• **How to complete this task**
Retype the records below from their first line through the line holding "2602C018 可愛小貓側口袋連帽內刷毛連身裙", including both ends and no pictures.

• **Material provided**
────

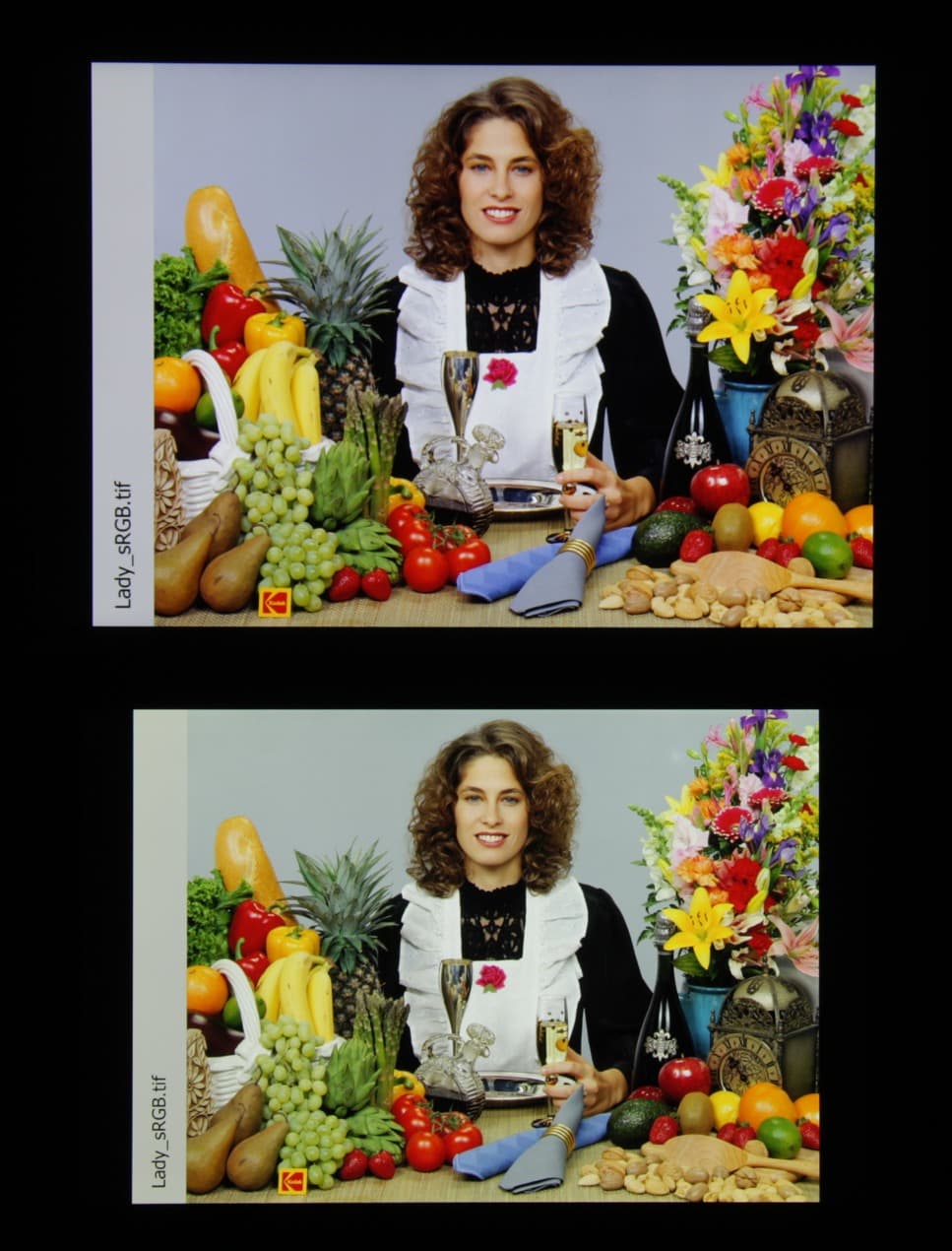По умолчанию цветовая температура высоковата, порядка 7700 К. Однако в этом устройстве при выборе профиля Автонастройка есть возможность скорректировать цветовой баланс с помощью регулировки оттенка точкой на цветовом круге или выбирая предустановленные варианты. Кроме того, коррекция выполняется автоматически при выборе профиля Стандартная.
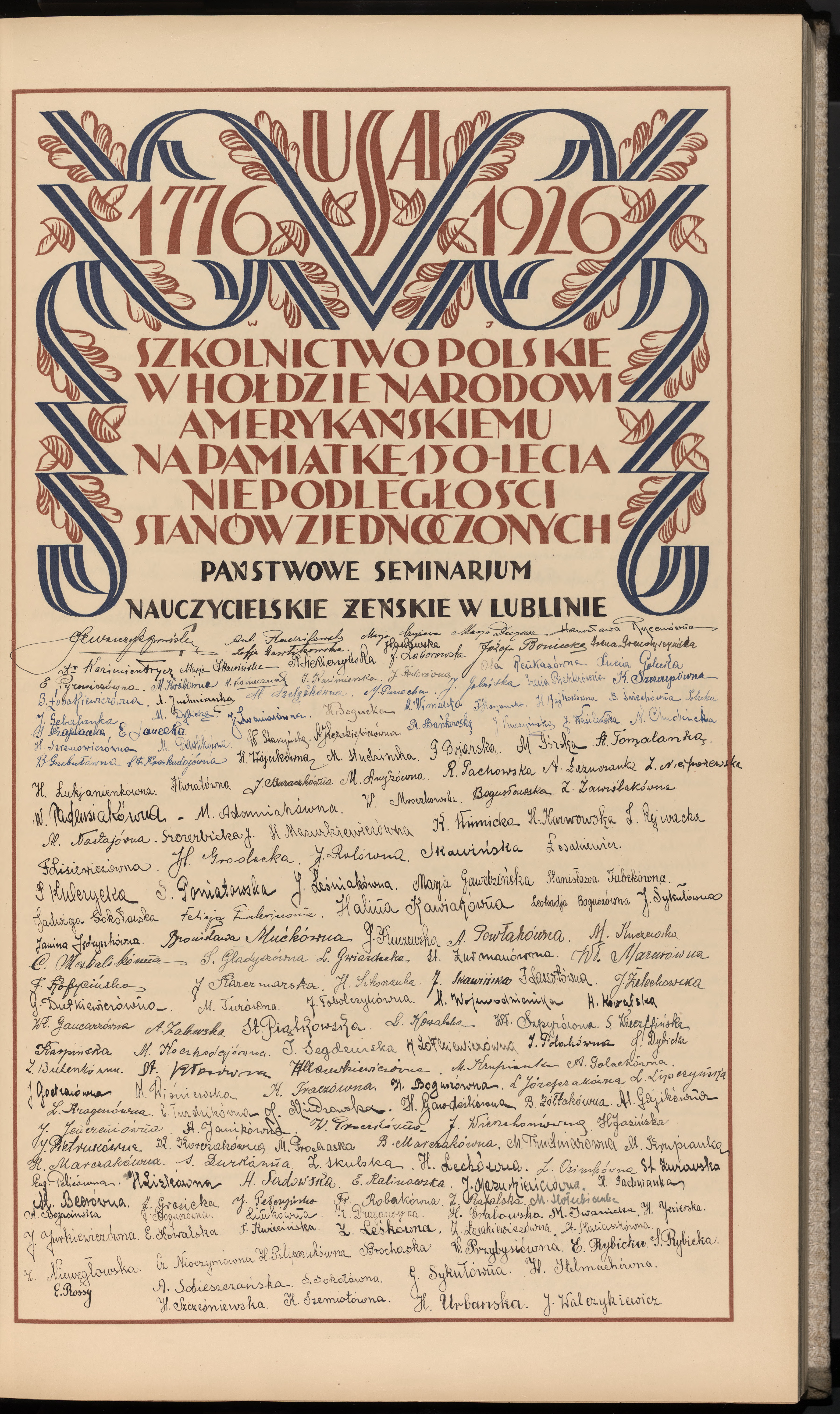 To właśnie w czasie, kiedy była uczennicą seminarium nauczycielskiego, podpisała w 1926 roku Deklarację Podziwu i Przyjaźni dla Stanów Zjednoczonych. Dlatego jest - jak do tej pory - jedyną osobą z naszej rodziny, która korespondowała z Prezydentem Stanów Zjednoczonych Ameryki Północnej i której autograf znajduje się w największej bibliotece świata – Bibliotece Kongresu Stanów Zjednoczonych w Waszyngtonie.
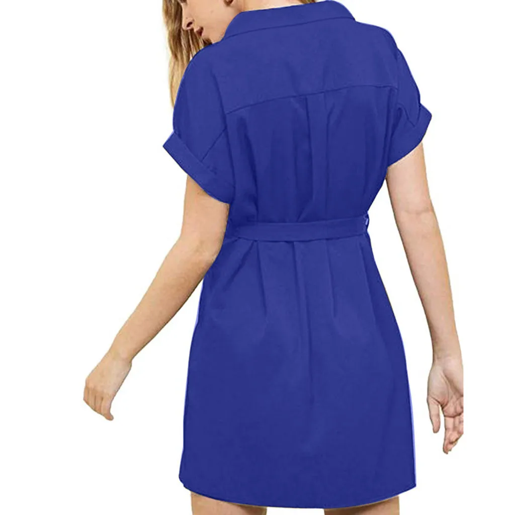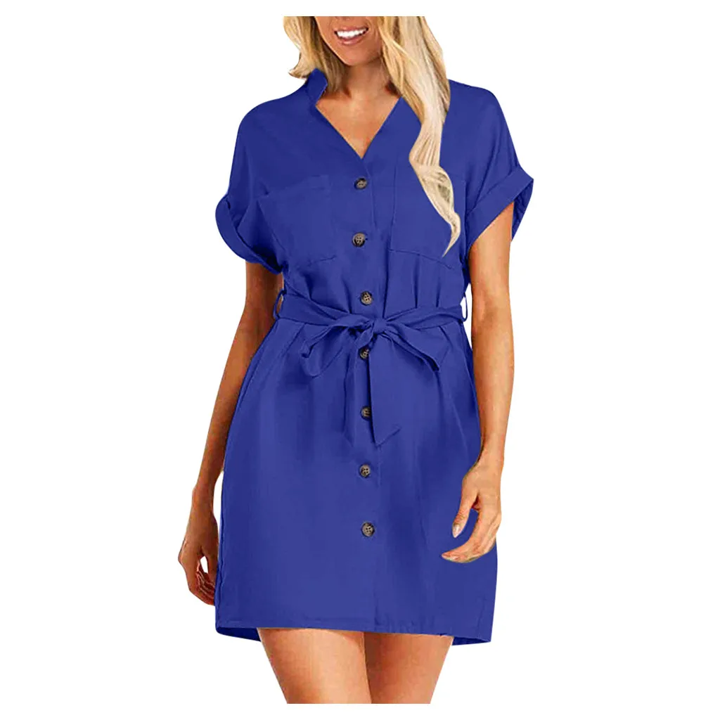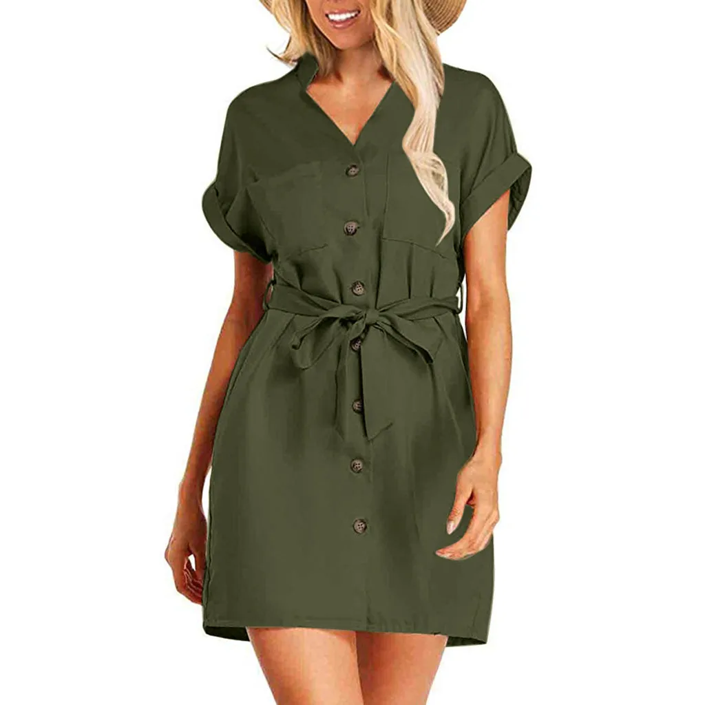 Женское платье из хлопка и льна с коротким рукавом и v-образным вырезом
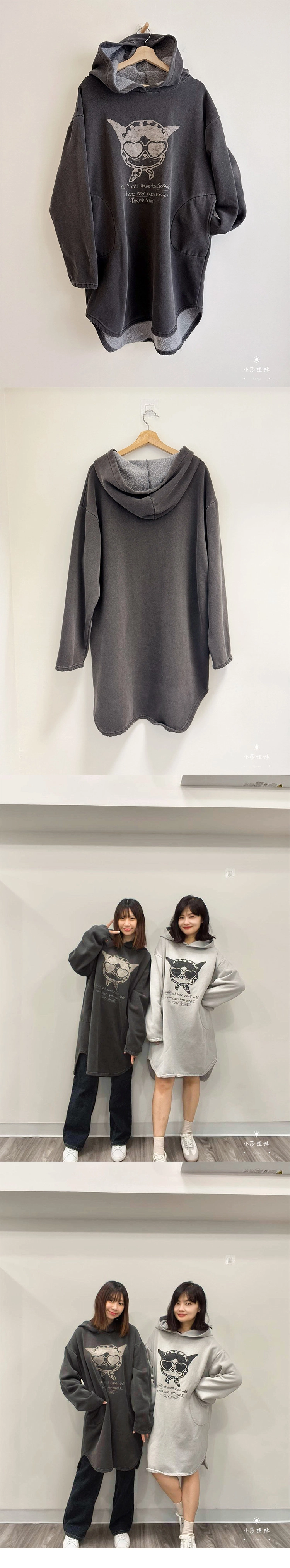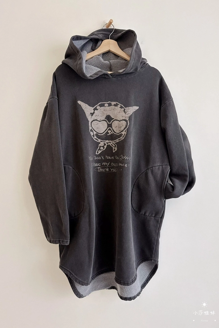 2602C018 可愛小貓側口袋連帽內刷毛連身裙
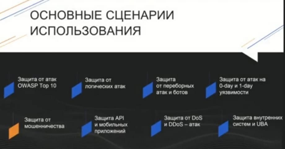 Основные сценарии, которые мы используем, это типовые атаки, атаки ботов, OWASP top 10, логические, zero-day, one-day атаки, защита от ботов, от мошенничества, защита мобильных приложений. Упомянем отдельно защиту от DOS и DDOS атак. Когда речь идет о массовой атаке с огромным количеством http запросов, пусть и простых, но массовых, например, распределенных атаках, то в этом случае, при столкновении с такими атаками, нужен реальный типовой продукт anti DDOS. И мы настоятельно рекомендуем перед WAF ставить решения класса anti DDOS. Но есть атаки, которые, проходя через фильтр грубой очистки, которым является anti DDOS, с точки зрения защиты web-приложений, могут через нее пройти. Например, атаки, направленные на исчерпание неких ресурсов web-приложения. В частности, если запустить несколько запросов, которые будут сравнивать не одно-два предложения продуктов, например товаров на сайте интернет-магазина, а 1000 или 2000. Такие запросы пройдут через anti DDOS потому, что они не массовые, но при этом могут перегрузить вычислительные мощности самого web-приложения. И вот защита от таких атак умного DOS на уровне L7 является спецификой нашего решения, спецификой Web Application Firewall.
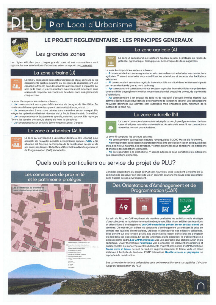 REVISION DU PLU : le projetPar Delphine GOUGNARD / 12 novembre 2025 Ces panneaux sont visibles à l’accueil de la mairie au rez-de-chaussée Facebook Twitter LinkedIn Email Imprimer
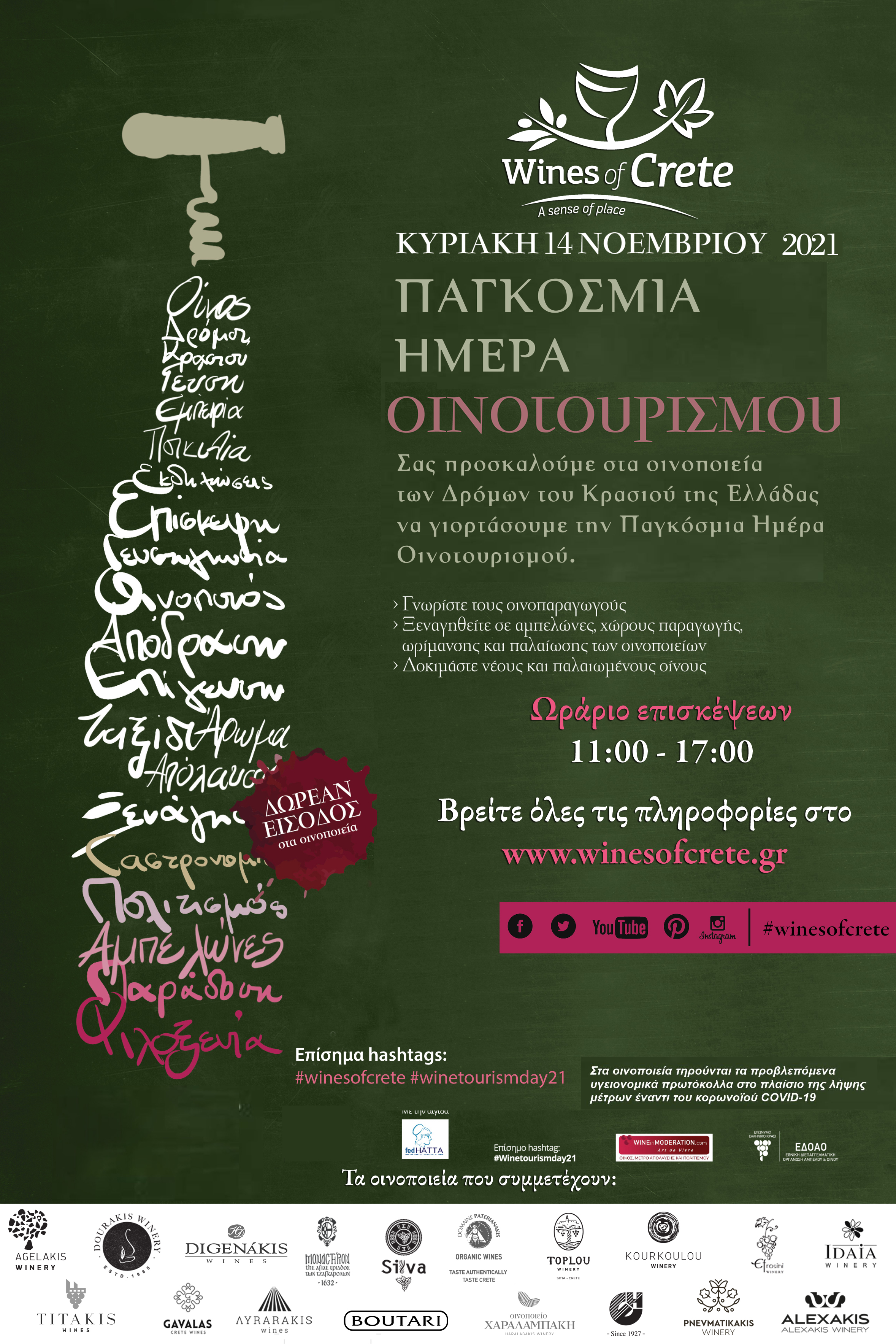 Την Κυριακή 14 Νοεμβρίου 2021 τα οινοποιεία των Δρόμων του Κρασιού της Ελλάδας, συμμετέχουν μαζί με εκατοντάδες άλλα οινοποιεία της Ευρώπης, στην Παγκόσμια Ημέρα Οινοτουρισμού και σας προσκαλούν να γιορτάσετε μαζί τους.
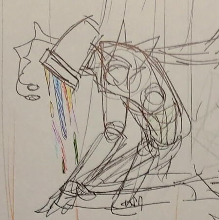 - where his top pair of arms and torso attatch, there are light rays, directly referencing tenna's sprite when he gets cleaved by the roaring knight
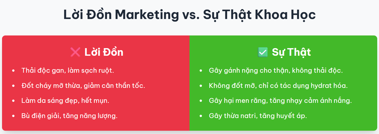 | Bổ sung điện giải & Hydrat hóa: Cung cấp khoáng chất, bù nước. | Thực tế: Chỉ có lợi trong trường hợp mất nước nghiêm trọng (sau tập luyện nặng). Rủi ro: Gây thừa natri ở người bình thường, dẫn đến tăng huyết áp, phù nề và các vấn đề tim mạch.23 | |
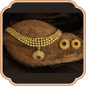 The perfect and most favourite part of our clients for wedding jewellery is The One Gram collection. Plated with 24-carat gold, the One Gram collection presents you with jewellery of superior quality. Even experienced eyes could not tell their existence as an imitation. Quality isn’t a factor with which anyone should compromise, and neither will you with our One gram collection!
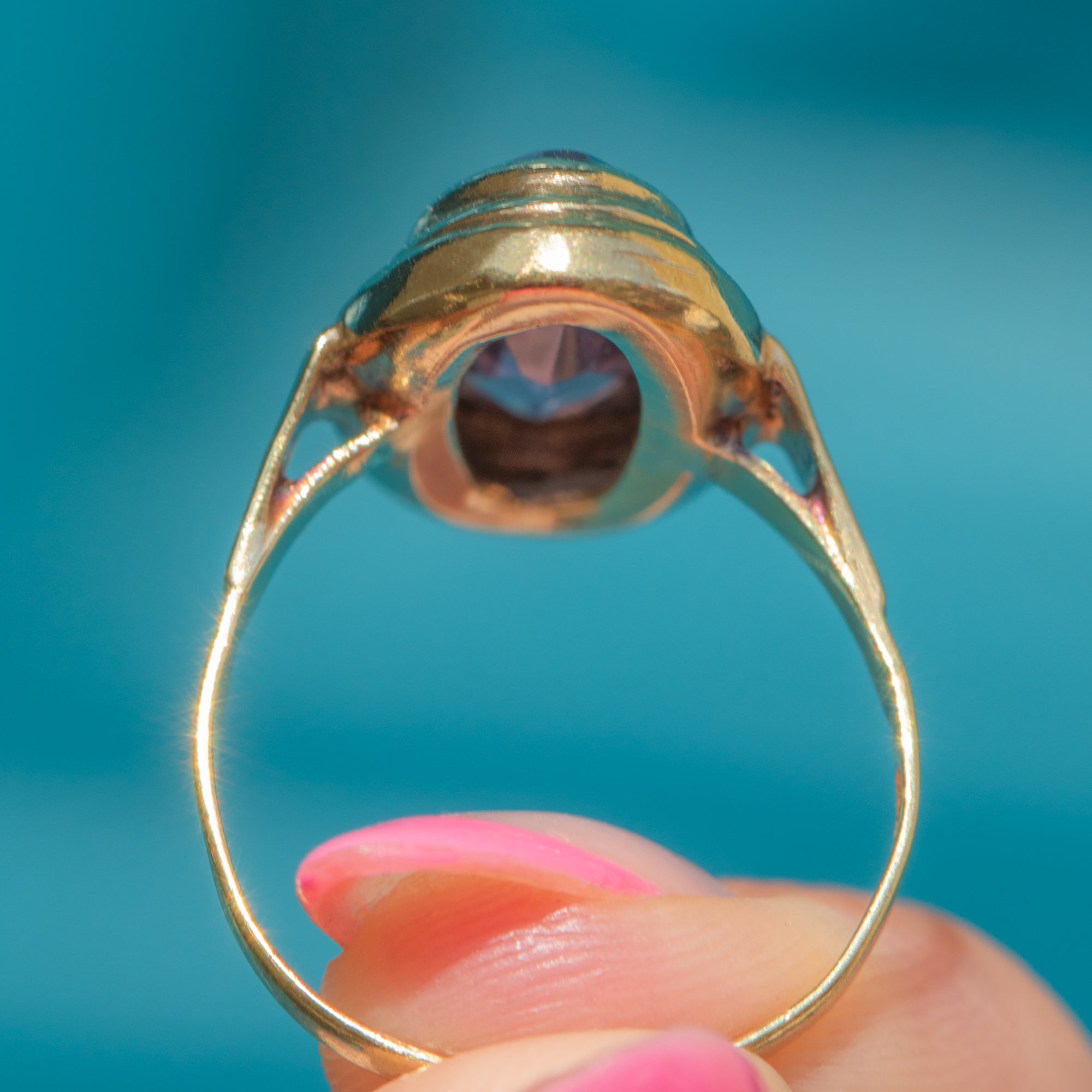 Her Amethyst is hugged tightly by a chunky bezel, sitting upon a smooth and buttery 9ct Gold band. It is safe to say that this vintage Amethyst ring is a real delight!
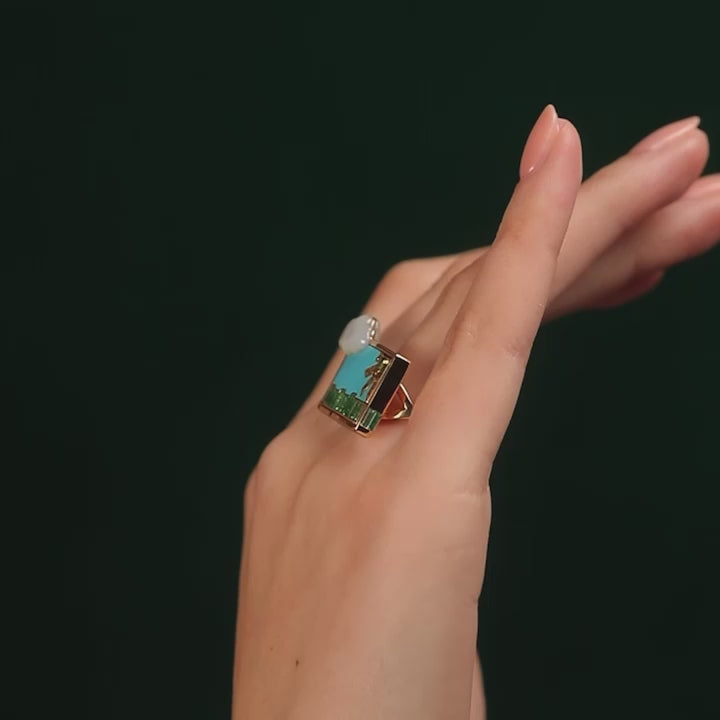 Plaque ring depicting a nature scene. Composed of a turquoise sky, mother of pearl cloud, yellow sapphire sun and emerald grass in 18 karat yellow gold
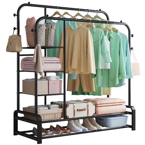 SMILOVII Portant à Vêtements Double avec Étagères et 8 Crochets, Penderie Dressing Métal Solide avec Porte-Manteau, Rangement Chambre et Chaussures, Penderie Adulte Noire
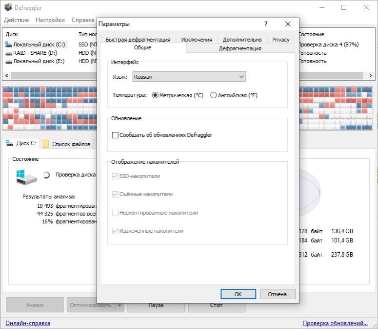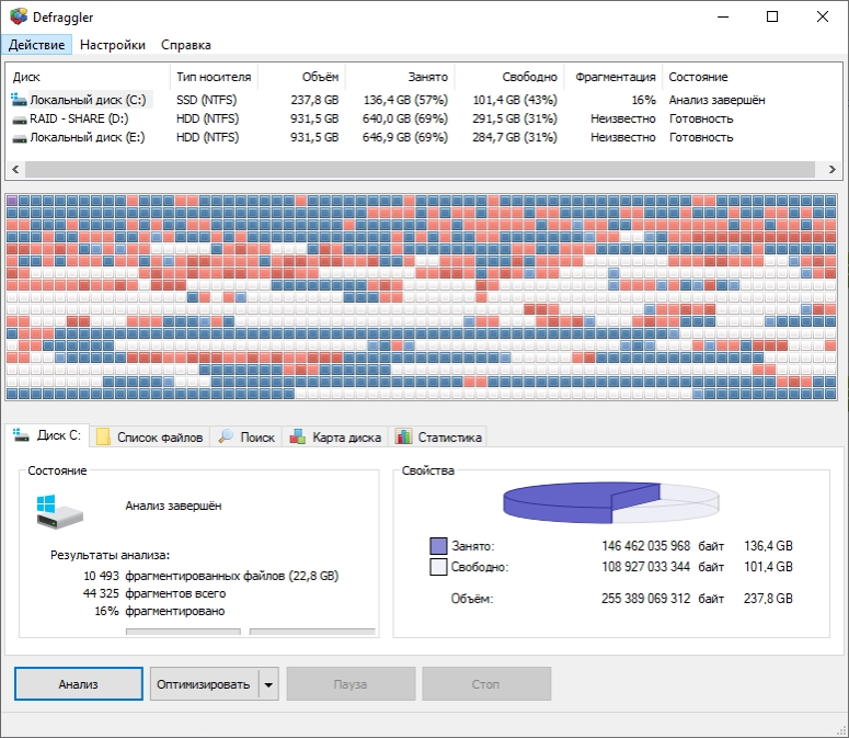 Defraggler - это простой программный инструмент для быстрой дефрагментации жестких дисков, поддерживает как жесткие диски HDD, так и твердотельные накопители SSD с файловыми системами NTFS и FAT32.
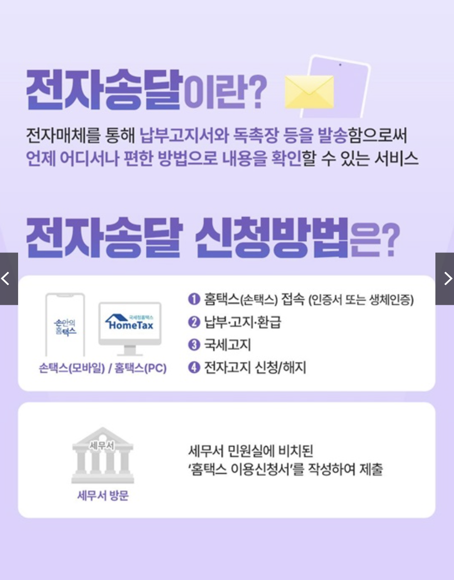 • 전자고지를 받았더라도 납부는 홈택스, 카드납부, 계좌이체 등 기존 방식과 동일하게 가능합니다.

────

• **Completed exercise**
По умолчанию цветовая температура высоковата, порядка 7700 К. Однако в этом устройстве при выборе профиля Автонастройка есть возможность скорректировать цветовой баланс с помощью регулировки оттенка точкой на цветовом круге или выбирая предустановленные варианты. Кроме того, коррекция выполняется автоматически при выборе профиля Стандартная.
 To właśnie w czasie, kiedy była uczennicą seminarium nauczycielskiego, podpisała w 1926 roku Deklarację Podziwu i Przyjaźni dla Stanów Zjednoczonych. Dlatego jest - jak do tej pory - jedyną osobą z naszej rodziny, która korespondowała z Prezydentem Stanów Zjednoczonych Ameryki Północnej i której autograf znajduje się w największej bibliotece świata – Bibliotece Kongresu Stanów Zjednoczonych w Waszyngtonie.
 Женское платье из хлопка и льна с коротким рукавом и v-образным вырезом
 2602C018 可愛小貓側口袋連帽內刷毛連身裙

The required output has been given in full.